HOW TO COMPLETE THIS TASK: In full and exactly, reproduce the entries below, but omit the pictures.

(Collection entries)
───

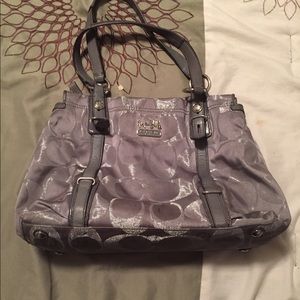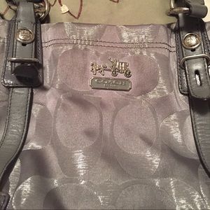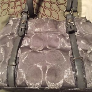 This is a gorgeous 100% authentic coach bag. A rare color to find , grey & silver tones. It is pre loved but in good shape , a few stains (seen in pictures) but I think they would be easy to get out. The leather handles are in good shape & no rips or tears. Such a beautiful bag with plenty of life left! A great size with lots of pockets ! Will negotiate through π
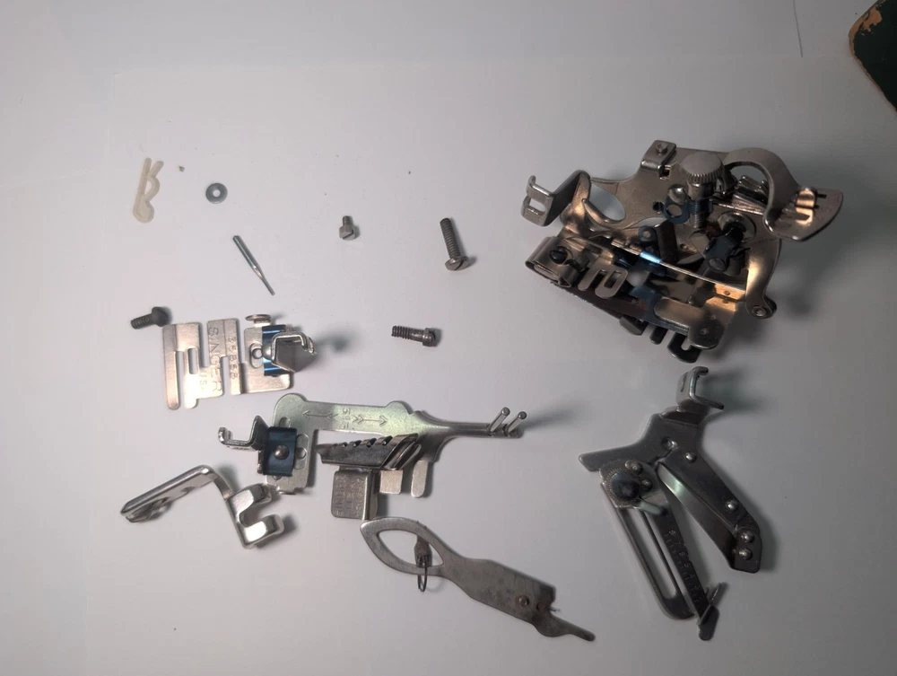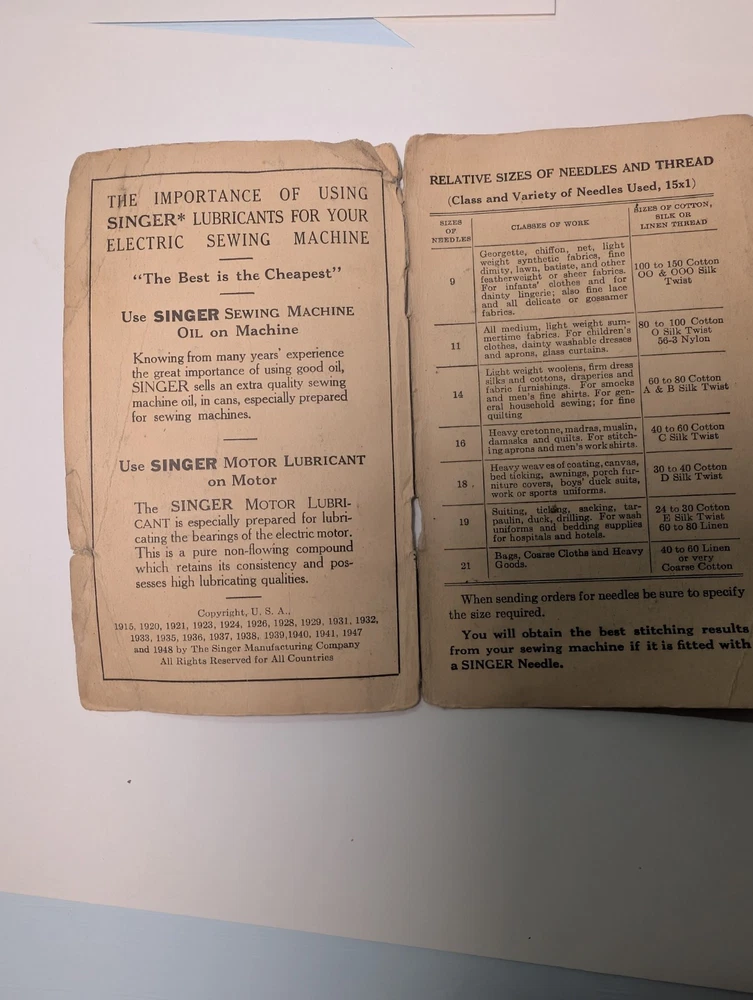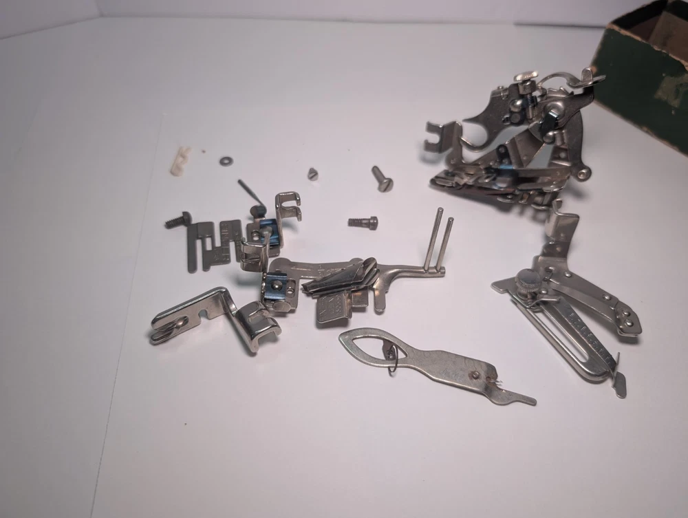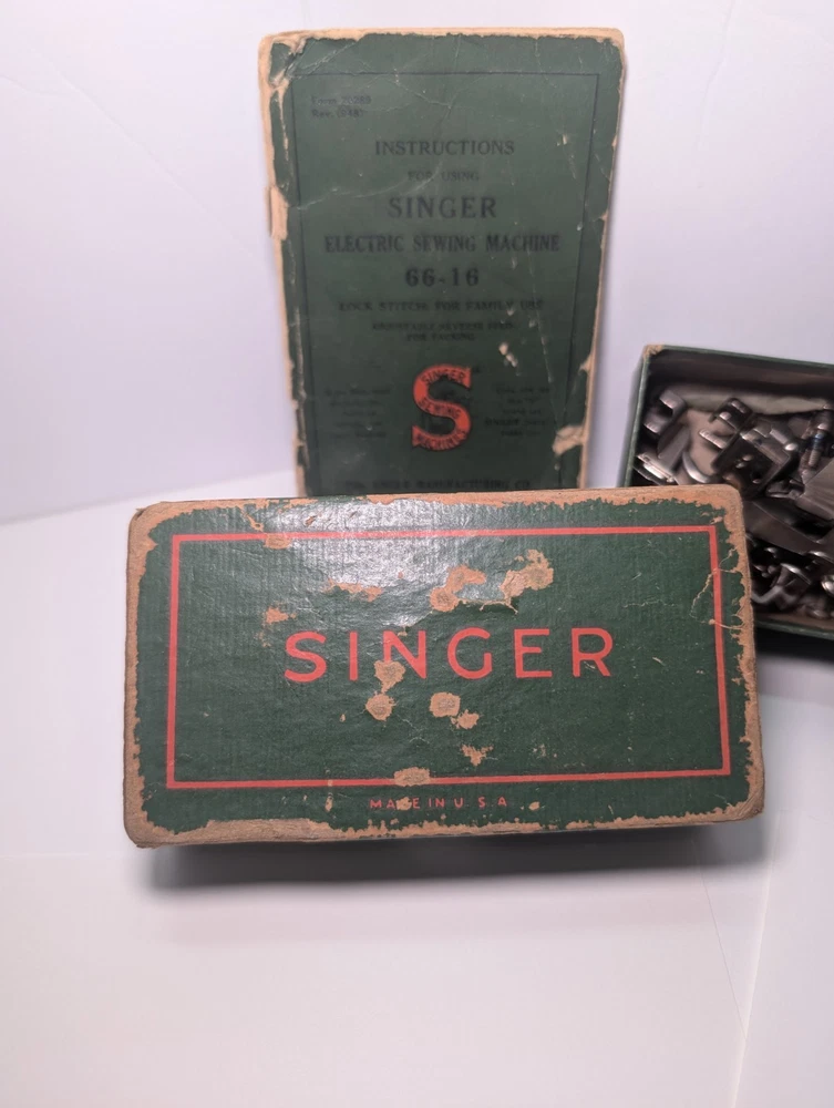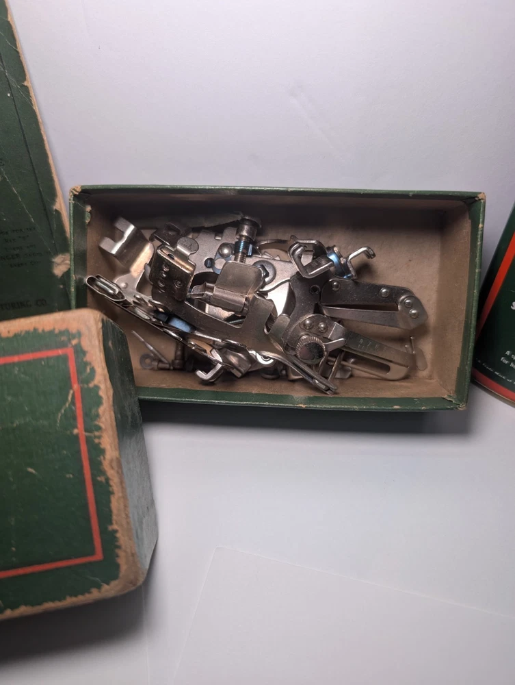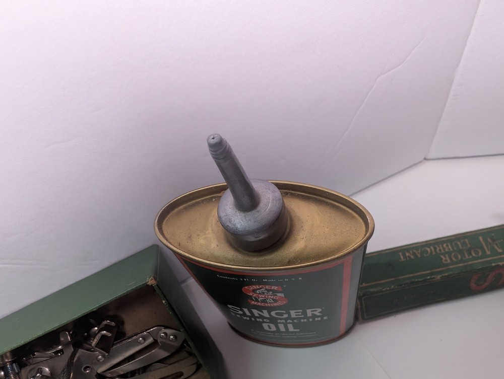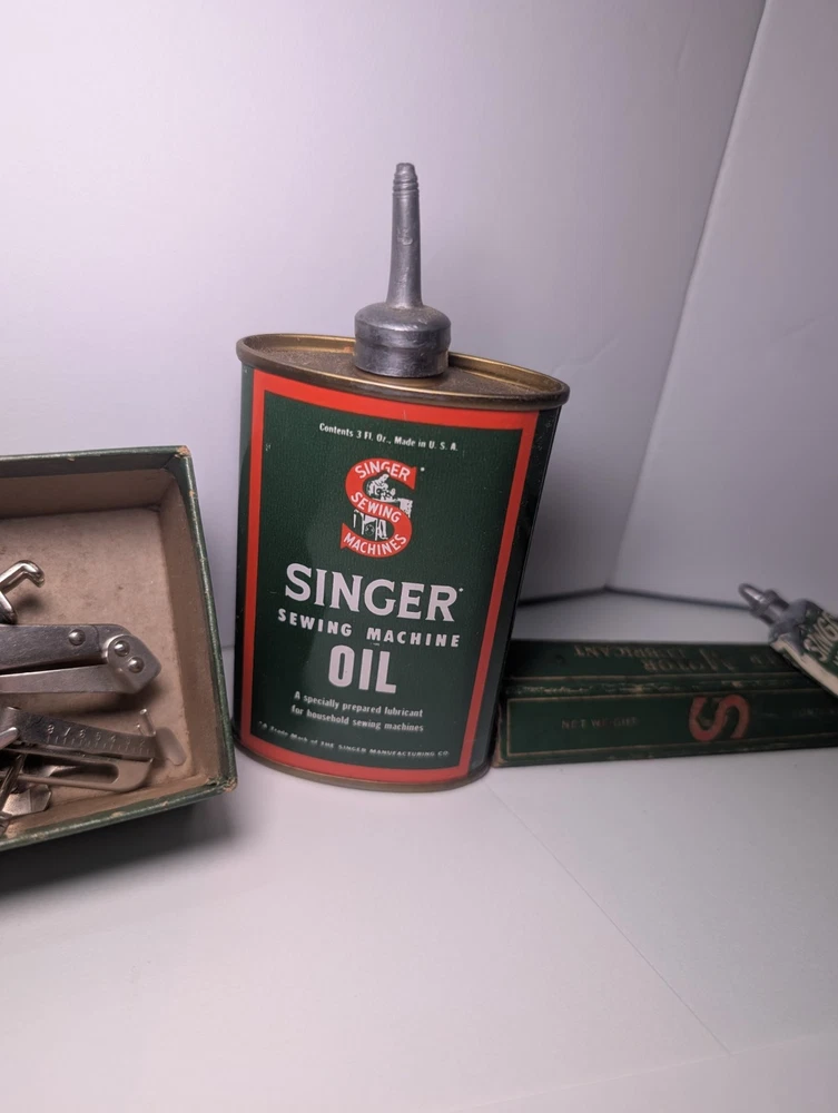 This lot includes a vintage Singer sewing machine attachment set in the original box, a sewing machine oil can, motor lubricant and book cover only. These items are made in the United States and are part of sewing machine accessories and machine parts & attachments. **See pictures for details** If you have any questions feel free to message me on eBay. 😊
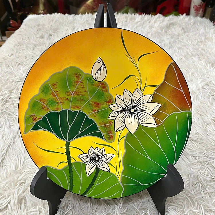 Tranh Dĩa sơn mài hoa sen cao cấp kèm chân dĩa trang trí nhà cửa, văn phòng, quà tặng ý nghĩa
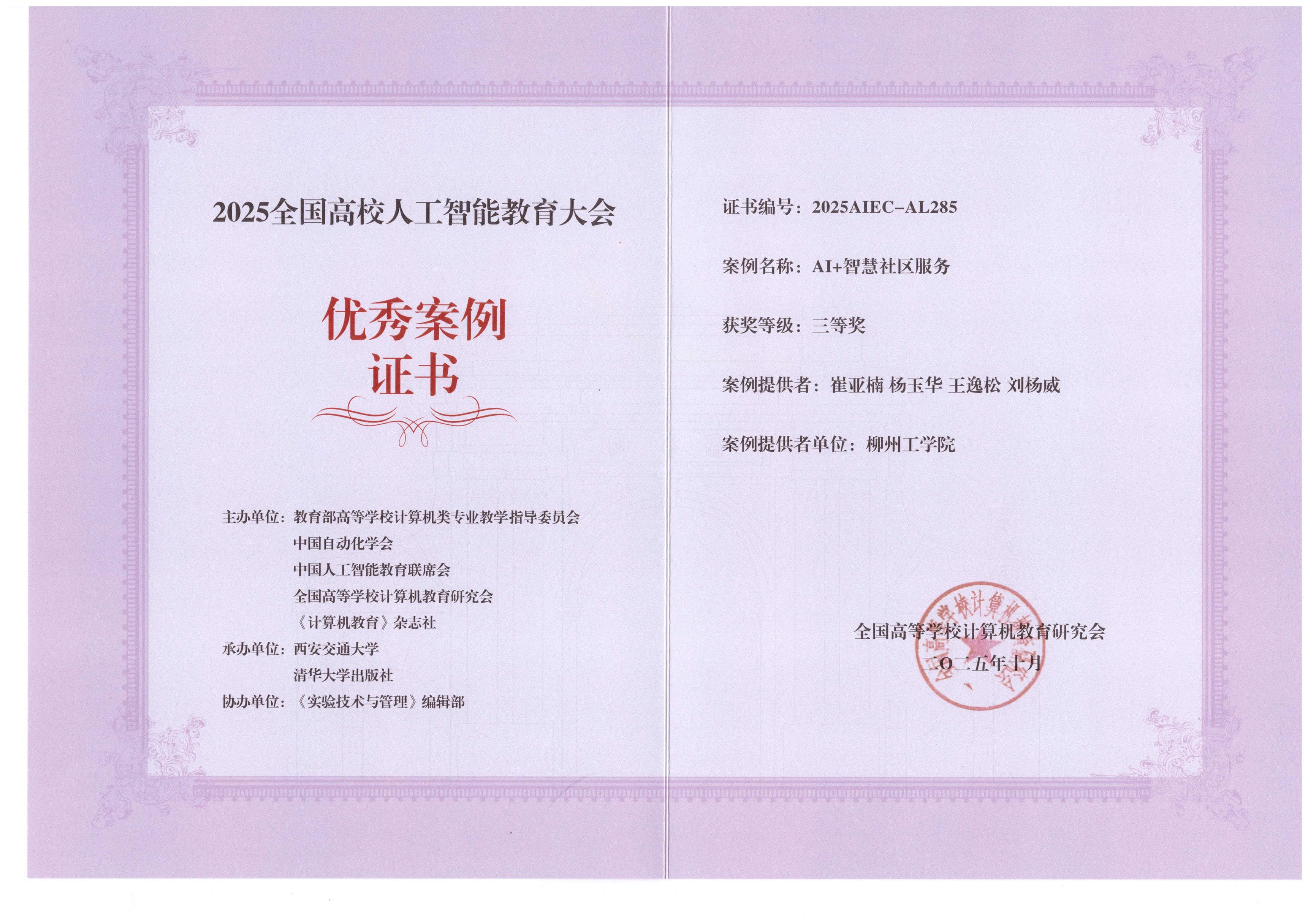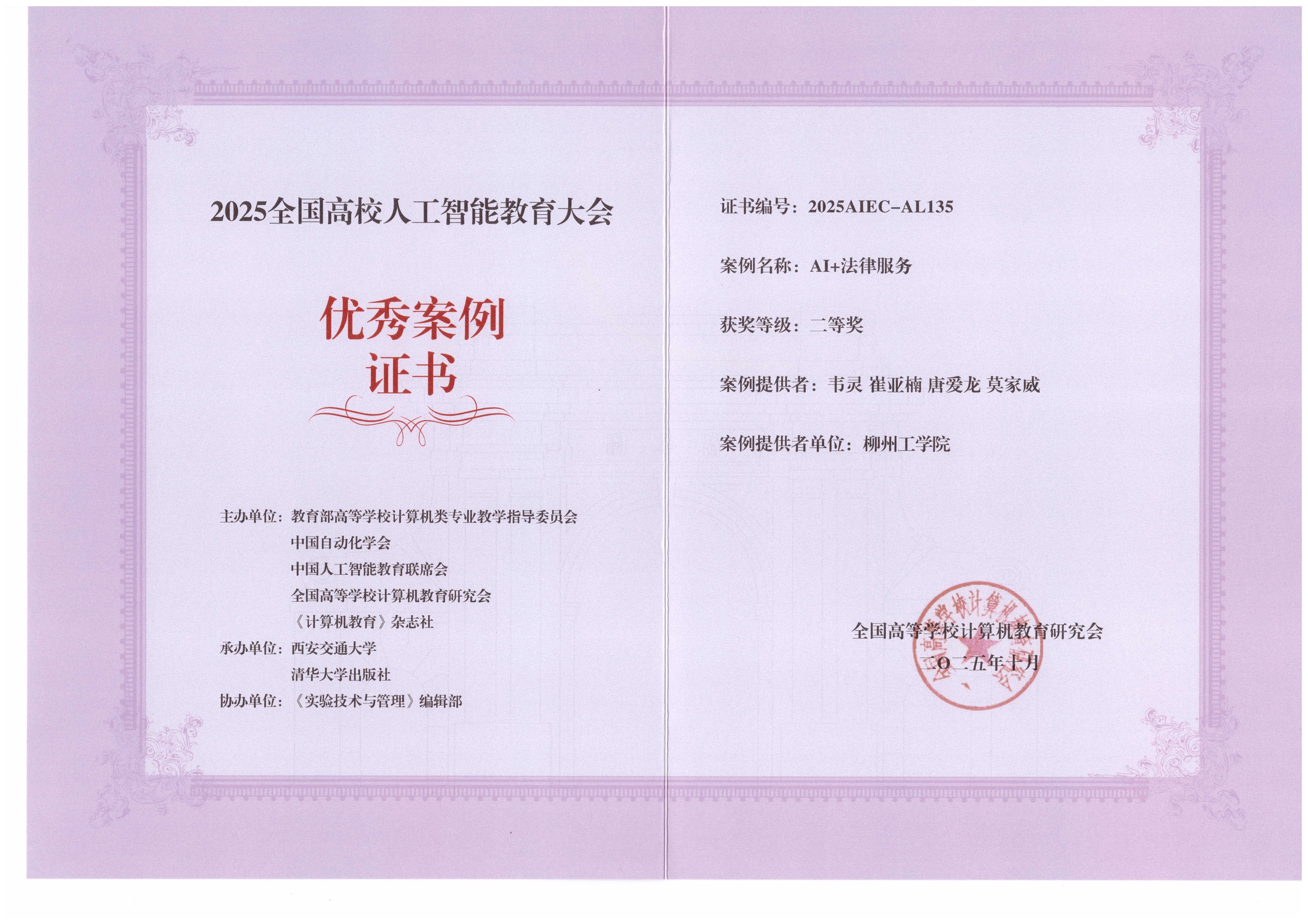 除了学术论文的优异表现,柳州工学院团队在课程教学案例方面也取得了显著成果。其中,韦灵老师团队“AI+法律服务”教学案例荣获二等奖,该案例将人工智能技术与法律实务相结合,通过模拟真实的法律场景,帮助学生更好地理解人工智能在法律领域的应用价值。崔亚楠老师团队“AI+智慧社区服务”教学案例则荣获三等奖,该案例关注智慧社区建设中的实际问题,利用人工智能技术提升社区服务的智能化水平,为社区治理提供了新的解决方案。
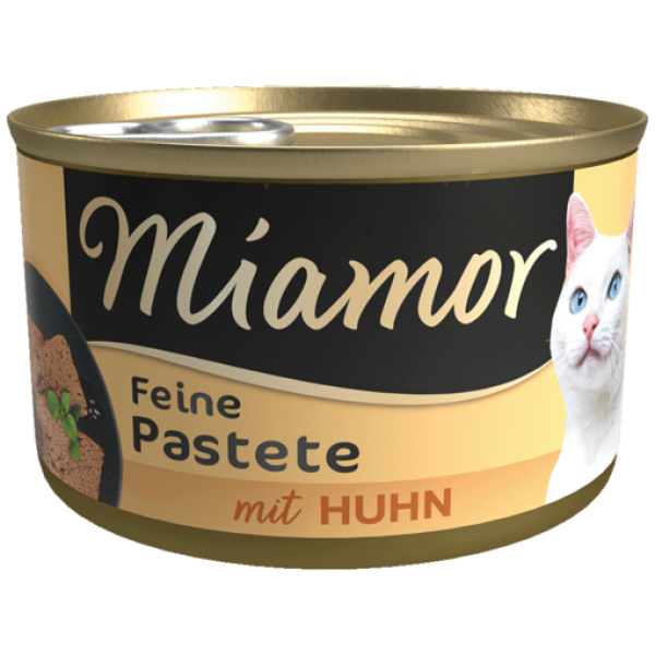 Miamor Paté of Chicken er kjúklingakæfa fyrir ketti. Algjört lostæti sem fær kattahjörtu til að slá hraðar! Án sojamjöls, litar- og rotvarnarefna. Heilfóður fyrir ketti með rétt hlutfall magnesíums og táríns til að fyrirbyggja myndun nýrnasteina.
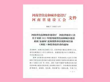 272022.01英皇体育(中国)体育官方网站焊工班组荣获“2021年度河南省住房和城乡建设系统‘安康杯’竞赛优胜班组”称号 -

───

RESULT OF THE EXERCISE:
 This is a gorgeous 100% authentic coach bag. A rare color to find , grey & silver tones. It is pre loved but in good shape , a few stains (seen in pictures) but I think they would be easy to get out. The leather handles are in good shape & no rips or tears. Such a beautiful bag with plenty of life left! A great size with lots of pockets ! Will negotiate through π
 This lot includes a vintage Singer sewing machine attachment set in the original box, a sewing machine oil can, motor lubricant and book cover only. These items are made in the United States and are part of sewing machine accessories and machine parts & attachments. **See pictures for details** If you have any questions feel free to message me on eBay. 😊
 Tranh Dĩa sơn mài hoa sen cao cấp kèm chân dĩa trang trí nhà cửa, văn phòng, quà tặng ý nghĩa
 除了学术论文的优异表现,柳州工学院团队在课程教学案例方面也取得了显著成果。其中,韦灵老师团队“AI+法律服务”教学案例荣获二等奖,该案例将人工智能技术与法律实务相结合,通过模拟真实的法律场景,帮助学生更好地理解人工智能在法律领域的应用价值。崔亚楠老师团队“AI+智慧社区服务”教学案例则荣获三等奖,该案例关注智慧社区建设中的实际问题,利用人工智能技术提升社区服务的智能化水平,为社区治理提供了新的解决方案。
 Miamor Paté of Chicken er kjúklingakæfa fyrir ketti. Algjört lostæti sem fær kattahjörtu til að slá hraðar! Án sojamjöls, litar- og rotvarnarefna. Heilfóður fyrir ketti með rétt hlutfall magnesíums og táríns til að fyrirbyggja myndun nýrnasteina.
 272022.01英皇体育(中国)体育官方网站焊工班组荣获“2021年度河南省住房和城乡建设系统‘安康杯’竞赛优胜班组”称号 -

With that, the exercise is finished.